[[ DATA EXTRACT open ]]
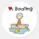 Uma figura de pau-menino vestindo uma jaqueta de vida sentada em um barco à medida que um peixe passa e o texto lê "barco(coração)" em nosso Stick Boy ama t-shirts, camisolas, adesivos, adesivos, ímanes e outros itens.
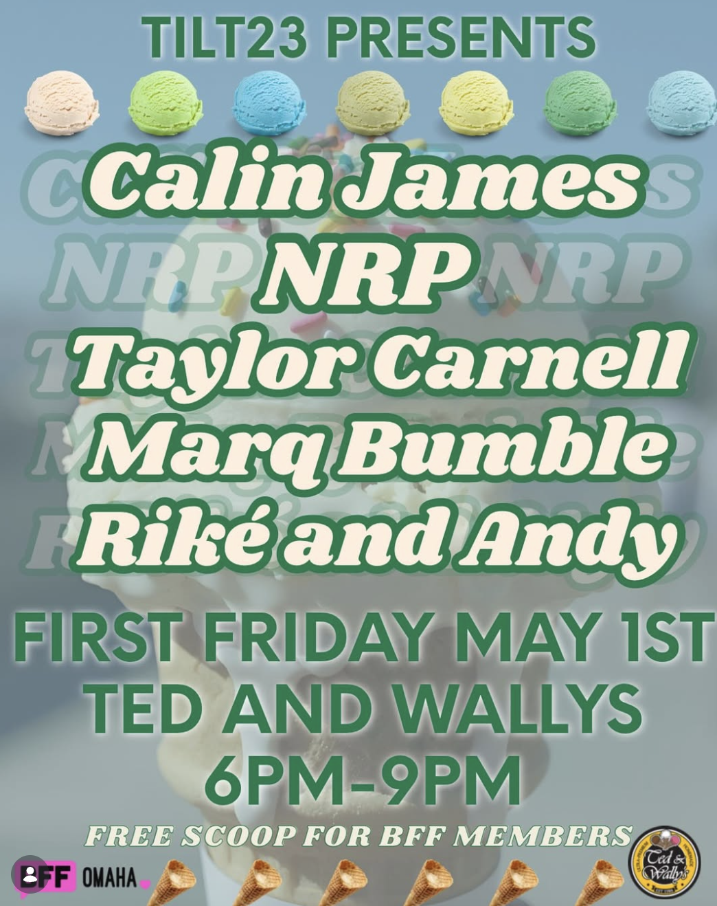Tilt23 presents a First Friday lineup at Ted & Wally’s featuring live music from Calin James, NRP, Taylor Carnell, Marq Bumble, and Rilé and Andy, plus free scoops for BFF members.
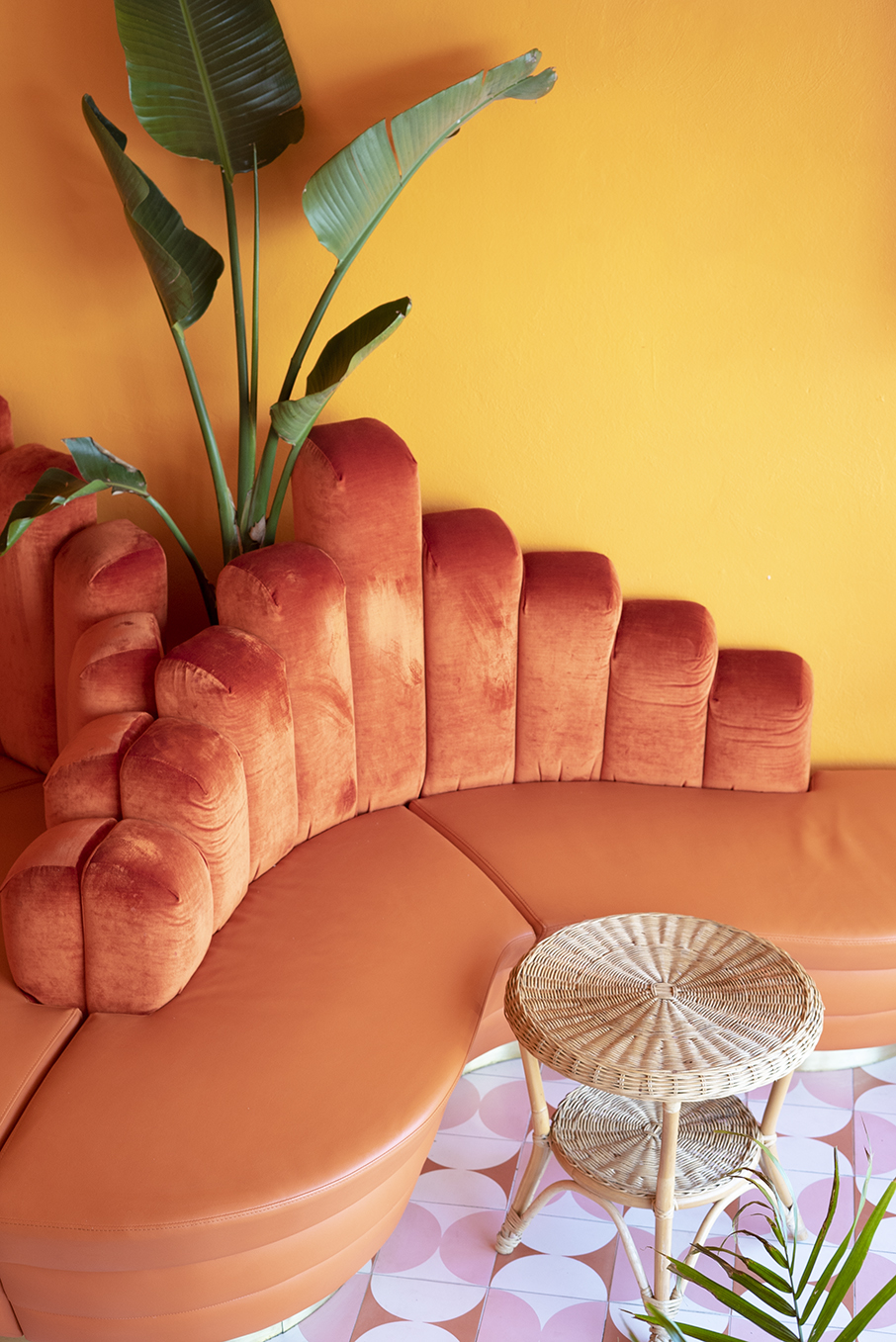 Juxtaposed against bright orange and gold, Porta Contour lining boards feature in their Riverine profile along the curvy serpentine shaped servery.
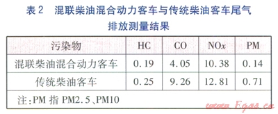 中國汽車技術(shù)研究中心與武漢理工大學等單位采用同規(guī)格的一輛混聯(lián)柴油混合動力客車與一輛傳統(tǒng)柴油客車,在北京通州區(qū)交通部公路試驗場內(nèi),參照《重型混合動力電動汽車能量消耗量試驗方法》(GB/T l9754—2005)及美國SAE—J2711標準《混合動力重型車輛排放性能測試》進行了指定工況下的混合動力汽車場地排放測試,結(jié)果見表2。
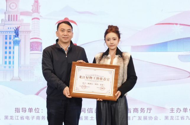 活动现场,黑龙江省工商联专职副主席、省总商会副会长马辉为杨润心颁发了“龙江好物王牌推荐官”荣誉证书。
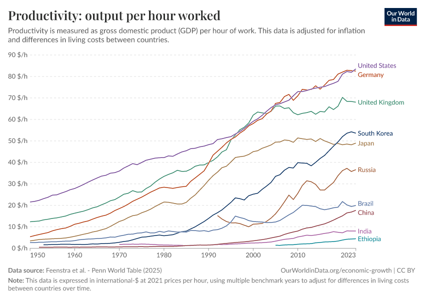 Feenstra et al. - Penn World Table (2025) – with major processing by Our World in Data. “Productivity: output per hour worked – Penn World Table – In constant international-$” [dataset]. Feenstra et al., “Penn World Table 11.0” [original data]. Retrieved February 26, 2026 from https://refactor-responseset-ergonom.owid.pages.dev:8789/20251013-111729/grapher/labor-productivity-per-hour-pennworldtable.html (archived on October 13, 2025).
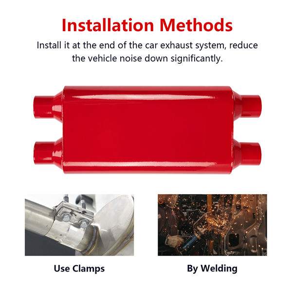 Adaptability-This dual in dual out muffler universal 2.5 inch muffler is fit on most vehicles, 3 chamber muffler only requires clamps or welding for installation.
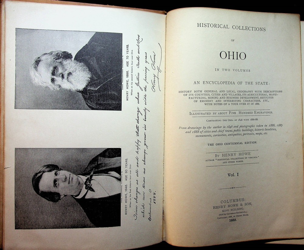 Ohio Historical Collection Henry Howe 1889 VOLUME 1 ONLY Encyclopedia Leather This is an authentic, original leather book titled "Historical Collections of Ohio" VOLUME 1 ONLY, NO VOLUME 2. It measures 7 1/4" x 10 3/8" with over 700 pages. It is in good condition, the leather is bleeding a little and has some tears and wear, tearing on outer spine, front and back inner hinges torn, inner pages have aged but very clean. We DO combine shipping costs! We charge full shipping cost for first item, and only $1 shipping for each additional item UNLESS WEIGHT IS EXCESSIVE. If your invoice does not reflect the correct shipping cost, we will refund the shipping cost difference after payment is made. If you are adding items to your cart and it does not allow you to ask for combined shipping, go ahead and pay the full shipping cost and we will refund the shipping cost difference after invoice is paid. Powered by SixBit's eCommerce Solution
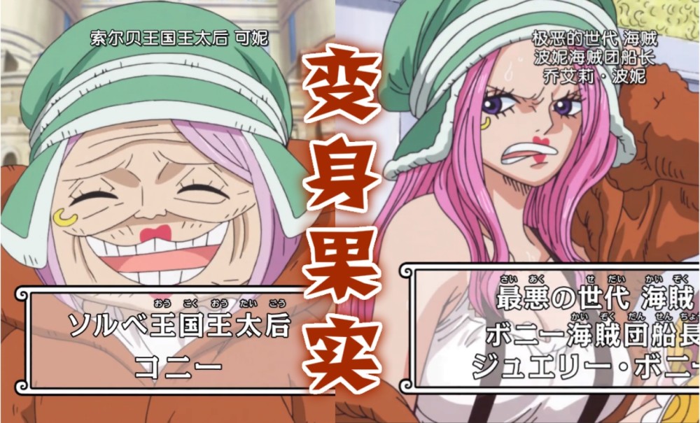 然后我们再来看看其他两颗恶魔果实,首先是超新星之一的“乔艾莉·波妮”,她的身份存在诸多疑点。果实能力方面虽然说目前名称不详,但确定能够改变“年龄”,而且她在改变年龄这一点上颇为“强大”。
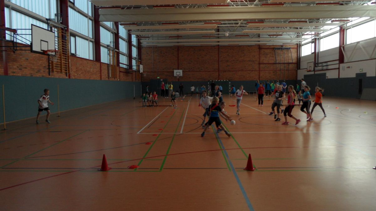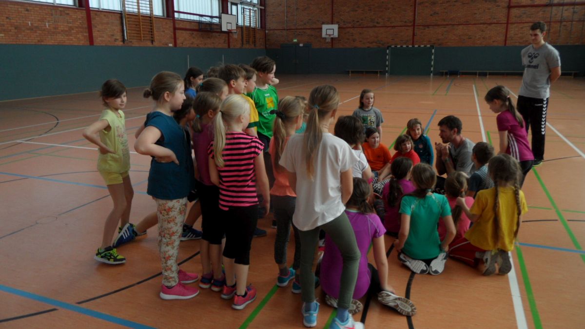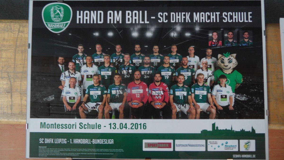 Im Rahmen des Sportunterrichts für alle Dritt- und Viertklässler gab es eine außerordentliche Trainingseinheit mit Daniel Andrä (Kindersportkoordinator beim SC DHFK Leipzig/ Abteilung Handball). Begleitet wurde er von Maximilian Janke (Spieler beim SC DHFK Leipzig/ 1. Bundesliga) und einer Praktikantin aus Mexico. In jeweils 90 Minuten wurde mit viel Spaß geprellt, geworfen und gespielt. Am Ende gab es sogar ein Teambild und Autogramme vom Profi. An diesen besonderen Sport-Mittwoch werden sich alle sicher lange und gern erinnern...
[[ DATA EXTRACT closed ]]
## TASK TO COMPLETE
Only the lines above starting with the line with "活动现场,黑龙江省工商联专职" and going on through the line with "Feenstra et al. - Penn" belong in the answer; repeat them exactly, minus any picture.

## WRITTEN SOLUTION
 活动现场,黑龙江省工商联专职副主席、省总商会副会长马辉为杨润心颁发了“龙江好物王牌推荐官”荣誉证书。
 Feenstra et al. - Penn World Table (2025) – with major processing by Our World in Data. “Productivity: output per hour worked – Penn World Table – In constant international-$” [dataset]. Feenstra et al., “Penn World Table 11.0” [original data]. Retrieved February 26, 2026 from https://refactor-responseset-ergonom.owid.pages.dev:8789/20251013-111729/grapher/labor-productivity-per-hour-pennworldtable.html (archived on October 13, 2025).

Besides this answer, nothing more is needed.